Exercise brief :: Transcribe all the entries word for word, omitting any pictures they contain.

'''

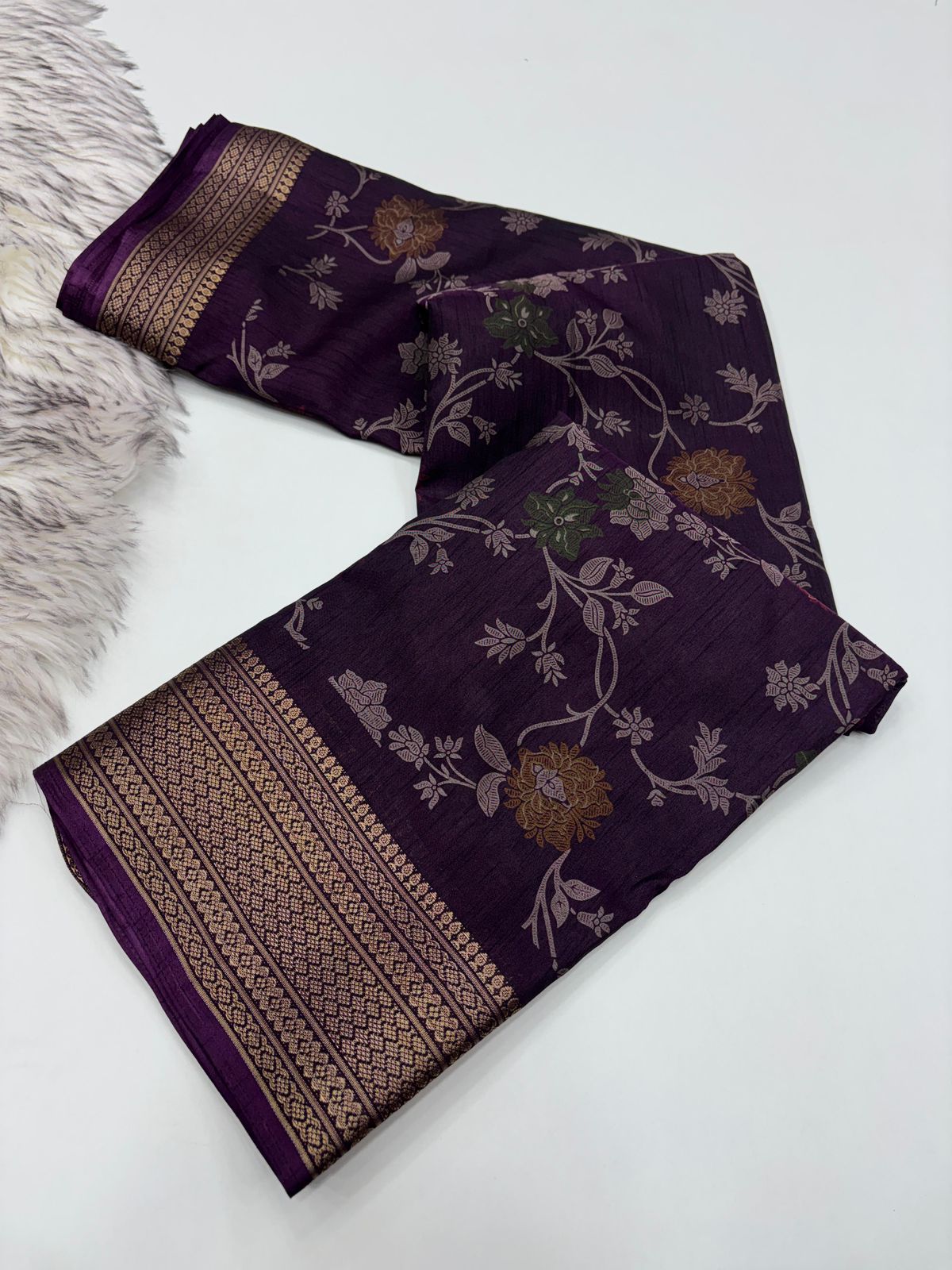 Upgrade your ethnic wardrobe with this beautiful Matka Silk Saree, designed to give you a rich and elegant look for every occasion. Crafted with a soft textured finish and detailed floral weaving, this saree perfectly blends tradition with modern style.
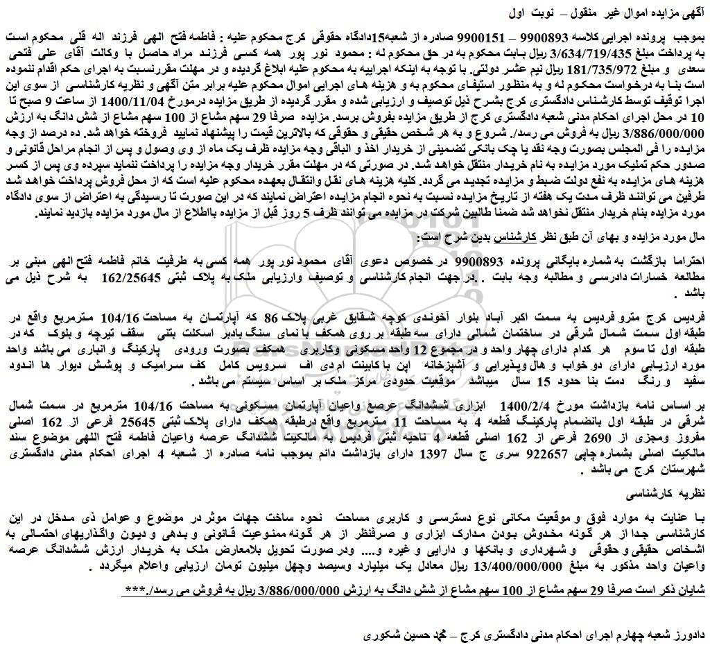 بموجب پرونده اجرایی کلاسه 9900893 – 9900151 صادره از شعبه15دادگاه حقوقی کرج محکوم علیه : فاطمه فتح الهی فرزند اله قلی محکوم است به پرداخت مبلغ 3/634/719/435 ریال بابت محکوم به در حق محکوم له : محمود نور پور همه کسی فرزند مراد حاصل با وکالت آقای علی فتحی سعدی و مبلغ 181/735/972 ریال نیم عشر دولتی. با توجه به اینکه اجراییه به محکوم علیه ابلاغ گردیده و در مهلت مقررنسبت به اجرای حکم اقدام ننموده است بنا به درخواست محکوم له و به منظور استیفای محکوم به و هزینه های اجرایی اموال محکوم علیه برابر متن آگهی و نظریه کارشناسی از سوی این اجرا توقیف توسط کارشناس دادگستری کرج بشرح ذیل توصیف و ارزیابی شده و مقرر گردیده از طریق مزایده درمورخ 1400/11/04 از ساعت 9 صبح تا 10 در محل اجرای احکام مدنی شعبه دادگستری کرج از طریق مزایده بفروش برسد. مزایده صرفا 29 سهم مشاع از 100 سهم مشاع از شش دانگ به ارزش 3/886/000/000 ریال به فروش می رسد/. شروع و به هر شخص حقیقی و حقوقی که بالاترین قیمت را پیشنهاد نمایید فروخته خواهد شد. ده درصد از وجه مزایده را فی المجلس بصورت وجه نقد یا چک بانکی تضمینی از خریدار اخذ و الباقی وجه مزایده ظرف یک ماه از وی وصول و پس از انجام مراحل قانونی و صدور حکم تملیک مورد مزایده به نام خریدار منتقل خواهد شد. در صورتی که در مهلت مقرر خریدار وجه مزایده را پرداخت ننماید سپرده وی پس از کسر هزینه های مزایده به نفع دولت ضبط و مزایده تجدید می گردد. کلیه هزینه های نقل وانتقال بعهده محکوم علیه است که از محل فروش پرداخت خواهد شد طرفین می توانند ظرف مدت یک هفته از تاریخ مزایده نسبت به نحوه انجام مزایده اعتراض نمایند که در این صورت تا رسیدگی به اعتراض از سوی دادگاه مورد مزایده بنام خریدار منتقل نخواهد شد ضمنا طالبین شرکت در مزایده می توانند ظرف 5 روز قبل از مزایده بااطلاع از مال مورد مزایده بازدید نمایند.
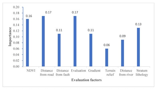 The 497 geological hazard points within the study area were labeled as the first category, denoted as 1. Similarly, the 497 non-geological disaster points selected based on the CF prior model were labeled as the second category, with the label 0. This resulted in a total of 994 sample data points with categorical attributes. The CF value of each sample point, obtained through the ArcGIS multi-value extraction to point function, was used as the training and testing data for the random forest model. Thus, each sample point contained the attribute values of each evaluation factor and a category label. The dataset was divided into 70% training data and 30% test data, comprising both disaster and non-disaster points, which were then input into the random forest model. Using PyCharm, the random forest model calculated the Gini coefficient reduction value for each evaluation factor during node splitting, and the importance of each evaluation index was determined using Equation (2) as the factor weight. The resulting weight diagram of the evaluation factors (Figure 6) illustrates the impact of NDVI, distance from a road, and elevation on geological disasters. In the context of geological disaster prevention and control, efforts should focus on addressing and mitigating the effects of these three factors.
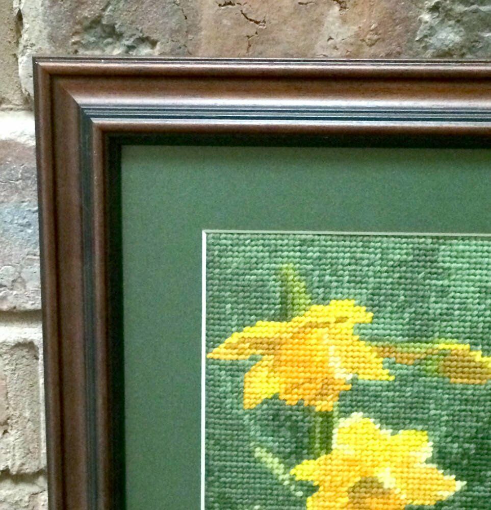 We found the perfect shade of green to mount the artwork with; it really draws the eye straight in to focus on the bright yellow daffodils.
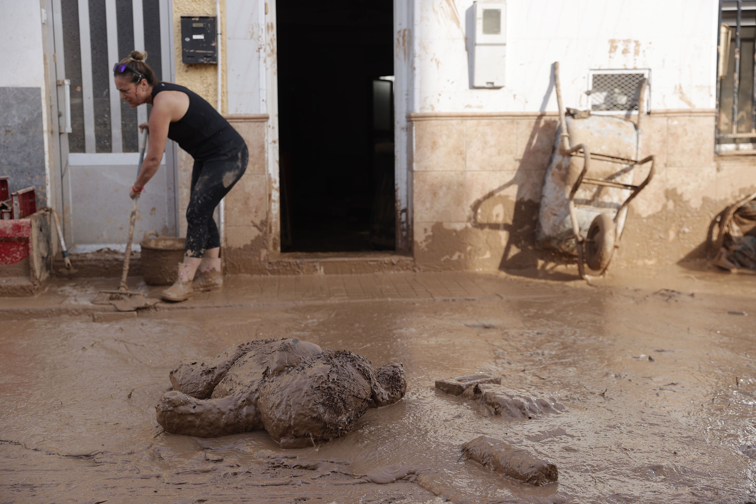 Varias personas retiran el lodo acumulado en una calle de la localidad valenciana de Paiporta.
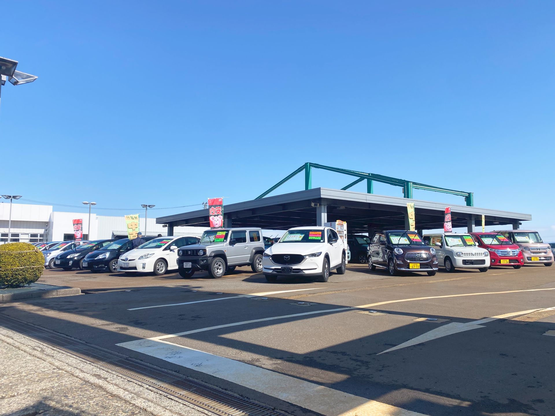 敷地内には屋根付き展示場を備えた中古車センターをはじめ、板金・塗装館、洗車場などの施設を備え、車の販売から点検、修理、車検、アフターサービスまで、安心してすべてをおまかせいただける体制を整えております。
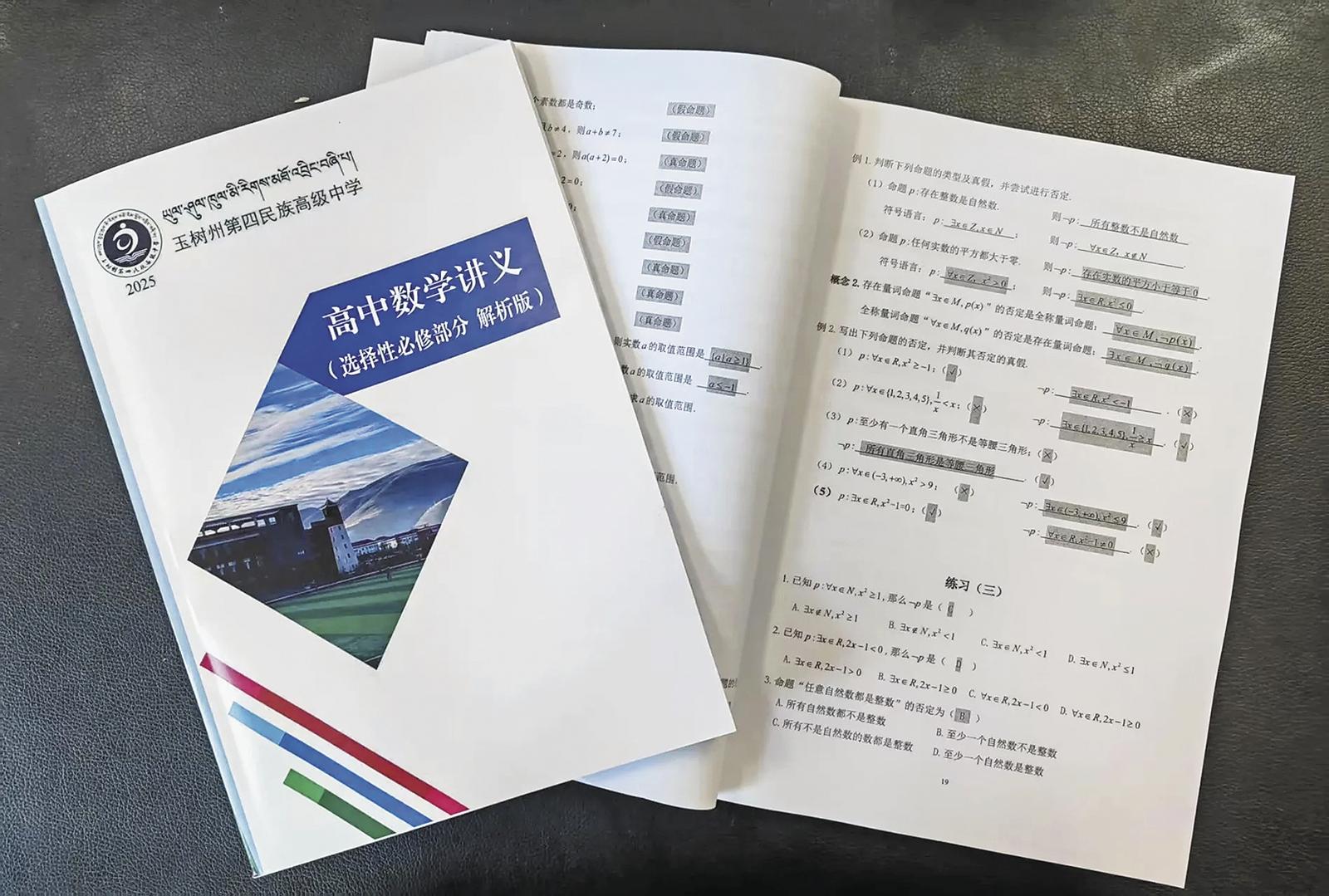 6月16日,在青海省玉樹藏族自治州第四民族高級中學高二7班的教室內(nèi),孩子們每個人手里拿著一本《高中數(shù)學講義(必修部分)解析版》認真翻看。
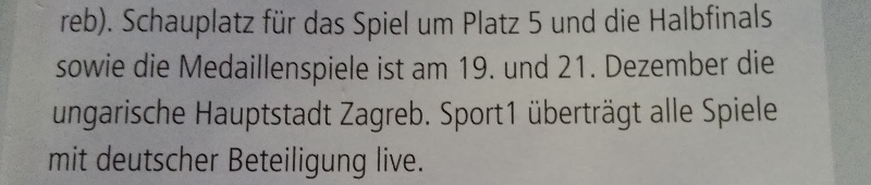 Btw. im Programmheft was man heute in Krefeld bekommen hat, steht dass die EM-Finale in der ungarischen Haupstadt, Zagreb stattfinden wird. OK, ich weiss dass Ungarn + Koratien auch zusammen kleiner sind als NRW, aber, bitte schön...
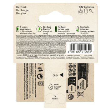 De GP oplaadbare batterij ReCyko AAA 2 stuks houdt meer dan 2 jaar lang energie vast, ook al worden ze enige tijd niet gebruikt. ReCyko+ batterijen zijn geschikt voor elk apparaat en tot wel 300x herlaadbaar. De AAA batterij beschikt over een capaciteit van 850 mAh.
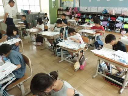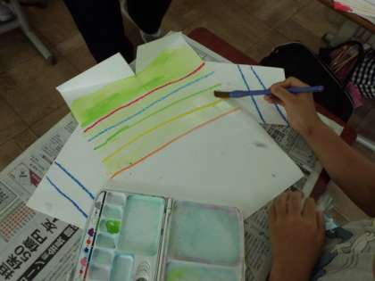 みんなが楽しみにしていた絵の具の学習。自分の好きな色を一色選び,水の量を調節しながら,色を塗りました。緊張しながら筆を動かしている姿が,とても可愛らしかったです。
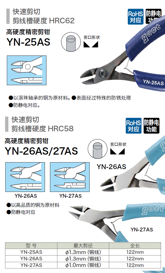 GOOT 高硬度精密剪鉗 YN-27AS
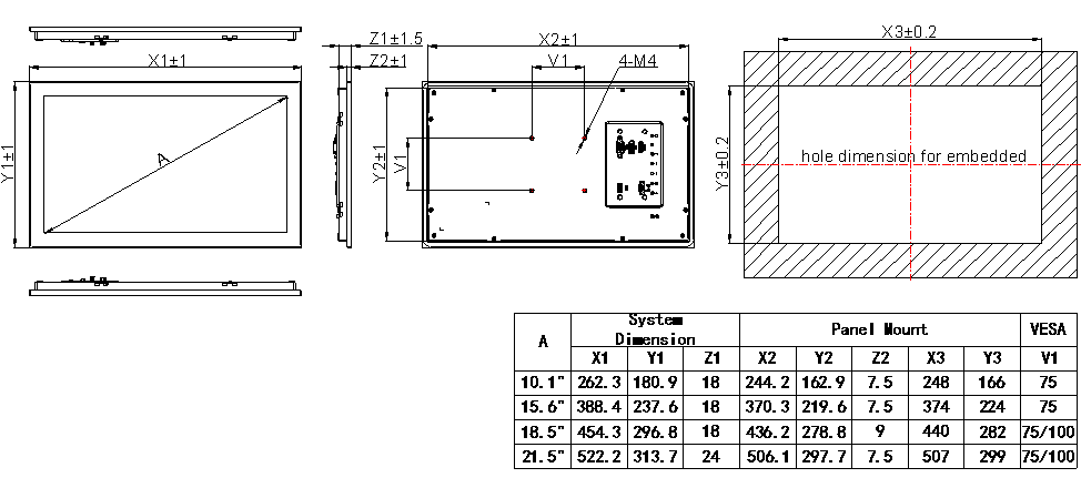 I/0 接口 DP, HDMI, VGA, USB觸摸 觸摸類型 投射式多點電容觸摸屏
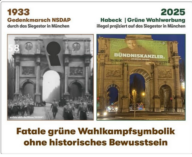 Man stelle sich den Aufschrei der Grünen und den anderen Altparteien vor, wenn statt Robert Habeck Alice Weidel projiziert worden wäre.
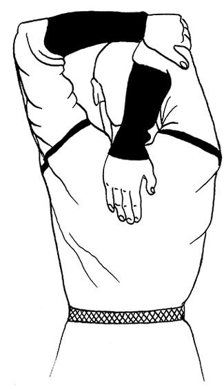 Встаньте на пол, выпрямите спину, пятки соедините, носки разведите в стороны. Сделайте глубокий вдох. Поднимите руки над головой, согните их в локтях и, скрещивая, заведите за голову. Помощник, стоящий сзади, должен обхватить ладонями ваши запястья или предплечья, плавно тянуть ваши руки немного в стороны и вниз. Во время потягиваний делайте глубокий вдох.

'''

Exercise response ::
 Upgrade your ethnic wardrobe with this beautiful Matka Silk Saree, designed to give you a rich and elegant look for every occasion. Crafted with a soft textured finish and detailed floral weaving, this saree perfectly blends tradition with modern style.
 بموجب پرونده اجرایی کلاسه 9900893 – 9900151 صادره از شعبه15دادگاه حقوقی کرج محکوم علیه : فاطمه فتح الهی فرزند اله قلی محکوم است به پرداخت مبلغ 3/634/719/435 ریال بابت محکوم به در حق محکوم له : محمود نور پور همه کسی فرزند مراد حاصل با وکالت آقای علی فتحی سعدی و مبلغ 181/735/972 ریال نیم عشر دولتی. با توجه به اینکه اجراییه به محکوم علیه ابلاغ گردیده و در مهلت مقررنسبت به اجرای حکم اقدام ننموده است بنا به درخواست محکوم له و به منظور استیفای محکوم به و هزینه های اجرایی اموال محکوم علیه برابر متن آگهی و نظریه کارشناسی از سوی این اجرا توقیف توسط کارشناس دادگستری کرج بشرح ذیل توصیف و ارزیابی شده و مقرر گردیده از طریق مزایده درمورخ 1400/11/04 از ساعت 9 صبح تا 10 در محل اجرای احکام مدنی شعبه دادگستری کرج از طریق مزایده بفروش برسد. مزایده صرفا 29 سهم مشاع از 100 سهم مشاع از شش دانگ به ارزش 3/886/000/000 ریال به فروش می رسد/. شروع و به هر شخص حقیقی و حقوقی که بالاترین قیمت را پیشنهاد نمایید فروخته خواهد شد. ده درصد از وجه مزایده را فی المجلس بصورت وجه نقد یا چک بانکی تضمینی از خریدار اخذ و الباقی وجه مزایده ظرف یک ماه از وی وصول و پس از انجام مراحل قانونی و صدور حکم تملیک مورد مزایده به نام خریدار منتقل خواهد شد. در صورتی که در مهلت مقرر خریدار وجه مزایده را پرداخت ننماید سپرده وی پس از کسر هزینه های مزایده به نفع دولت ضبط و مزایده تجدید می گردد. کلیه هزینه های نقل وانتقال بعهده محکوم علیه است که از محل فروش پرداخت خواهد شد طرفین می توانند ظرف مدت یک هفته از تاریخ مزایده نسبت به نحوه انجام مزایده اعتراض نمایند که در این صورت تا رسیدگی به اعتراض از سوی دادگاه مورد مزایده بنام خریدار منتقل نخواهد شد ضمنا طالبین شرکت در مزایده می توانند ظرف 5 روز قبل از مزایده بااطلاع از مال مورد مزایده بازدید نمایند.
 The 497 geological hazard points within the study area were labeled as the first category, denoted as 1. Similarly, the 497 non-geological disaster points selected based on the CF prior model were labeled as the second category, with the label 0. This resulted in a total of 994 sample data points with categorical attributes. The CF value of each sample point, obtained through the ArcGIS multi-value extraction to point function, was used as the training and testing data for the random forest model. Thus, each sample point contained the attribute values of each evaluation factor and a category label. The dataset was divided into 70% training data and 30% test data, comprising both disaster and non-disaster points, which were then input into the random forest model. Using PyCharm, the random forest model calculated the Gini coefficient reduction value for each evaluation factor during node splitting, and the importance of each evaluation index was determined using Equation (2) as the factor weight. The resulting weight diagram of the evaluation factors (Figure 6) illustrates the impact of NDVI, distance from a road, and elevation on geological disasters. In the context of geological disaster prevention and control, efforts should focus on addressing and mitigating the effects of these three factors.
 We found the perfect shade of green to mount the artwork with; it really draws the eye straight in to focus on the bright yellow daffodils.
 Varias personas retiran el lodo acumulado en una calle de la localidad valenciana de Paiporta.
 敷地内には屋根付き展示場を備えた中古車センターをはじめ、板金・塗装館、洗車場などの施設を備え、車の販売から点検、修理、車検、アフターサービスまで、安心してすべてをおまかせいただける体制を整えております。
 6月16日,在青海省玉樹藏族自治州第四民族高級中學高二7班的教室內(nèi),孩子們每個人手里拿著一本《高中數(shù)學講義(必修部分)解析版》認真翻看。
 Btw. im Programmheft was man heute in Krefeld bekommen hat, steht dass die EM-Finale in der ungarischen Haupstadt, Zagreb stattfinden wird. OK, ich weiss dass Ungarn + Koratien auch zusammen kleiner sind als NRW, aber, bitte schön...
 De GP oplaadbare batterij ReCyko AAA 2 stuks houdt meer dan 2 jaar lang energie vast, ook al worden ze enige tijd niet gebruikt. ReCyko+ batterijen zijn geschikt voor elk apparaat en tot wel 300x herlaadbaar. De AAA batterij beschikt over een capaciteit van 850 mAh.
 みんなが楽しみにしていた絵の具の学習。自分の好きな色を一色選び,水の量を調節しながら,色を塗りました。緊張しながら筆を動かしている姿が,とても可愛らしかったです。
 GOOT 高硬度精密剪鉗 YN-27AS
 I/0 接口 DP, HDMI, VGA, USB觸摸 觸摸類型 投射式多點電容觸摸屏
 Man stelle sich den Aufschrei der Grünen und den anderen Altparteien vor, wenn statt Robert Habeck Alice Weidel projiziert worden wäre.
 Встаньте на пол, выпрямите спину, пятки соедините, носки разведите в стороны. Сделайте глубокий вдох. Поднимите руки над головой, согните их в локтях и, скрещивая, заведите за голову. Помощник, стоящий сзади, должен обхватить ладонями ваши запястья или предплечья, плавно тянуть ваши руки немного в стороны и вниз. Во время потягиваний делайте глубокий вдох.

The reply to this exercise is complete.